6) Why single-table design? Minimizes joins and network calls, enabling O(1) access for related entities via key prefixes.

7) When use transactions? Cross-item invariants (deduct balance + write order) that must succeed or fail together.

8) Query filtering gotcha? FilterExpression still reads all matched keys; costs capacity. Prefer key conditions.

9) TTL caveat? Deletion is eventual; don’t rely for precise expiry moments.

10) Item size limits? 400KB including attribute names. Store blobs in S3 and reference via URL.

11) Strong reads across Regions? Not supported—global tables are eventually consistent.

12) Write idempotency? Use idempotency keys stored in a guard item and conditional writes.

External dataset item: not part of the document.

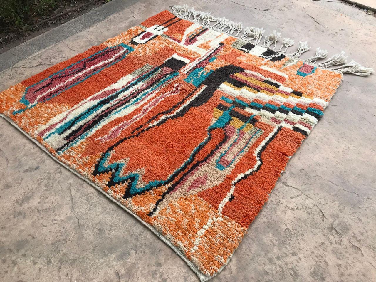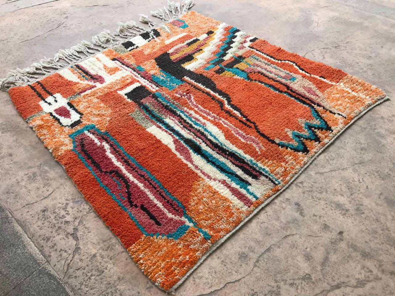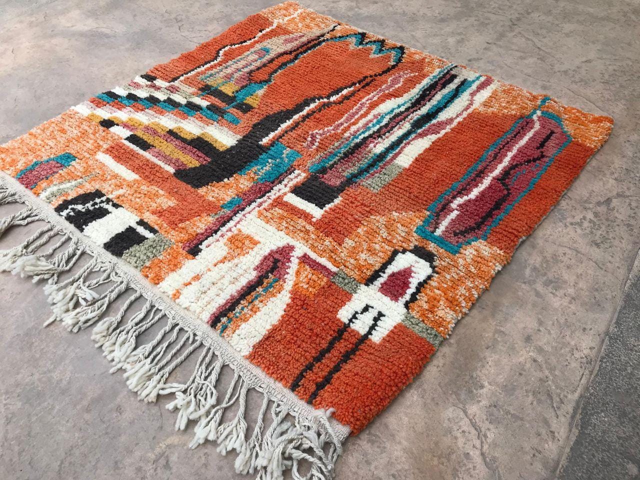 A Moroccan Berber colorful rug from rugaziz brings the charm of traditional Moroccan craftsmanship into your home. Each piece is inspired by the classic moroccan rug pattern, known for bold, graphic rugs with rich design. The orange moroccan rug features burnt orange tones that warm up any space and give your living room decor or rugs in bedroom a unique update.
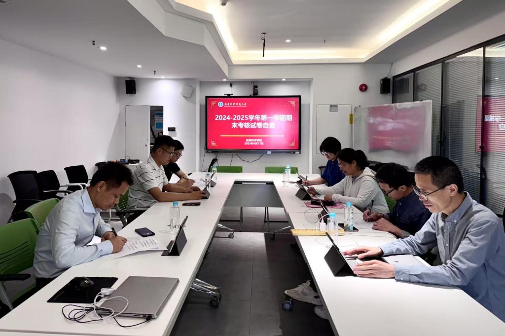 为了进一步加强课程考核管理,提升考核工作的科学性与规范性,TapTap点点于2025年4月17日在东校区工业中心715会议室组织开展了期末试卷自查工作。本次自查由学院分管教学副院长谢德新带队,学院教学督导、课程负责人、新进教师及教务员参与,现场借助平板设备对上学期期末考核试卷(共53份)进行了全面审查。

13) Cost drivers? RCUs/WCUs consumed, GSI projections, data transfer, storage. Design to minimize reads/writes.

14) Modeling many-to-many? Adjacency items per relation + GSIs for reverse lookups.

15) Fan-out reads? Store timeline per user partition; write-time fan-out via Streams/Lambda.

16) How to paginate? Use LastEvaluatedKey cursors; never offset/limit.

17) Backups vs PITR? PITR for rolling window recovery; on-demand backups for long-term archival/compliance.

18) IAM tenant isolation? dynamodb:LeadingKeys conditions to restrict PK prefixes per tenant identity.

19) Handling spikes? Use on-demand or Auto Scaling, pre-warm partitions with diverse keys, DAX for read bursts.

20) Observability must-haves? ConsumedCapacity, throttle counts, latency histograms, and per-pattern dashboards + alarms.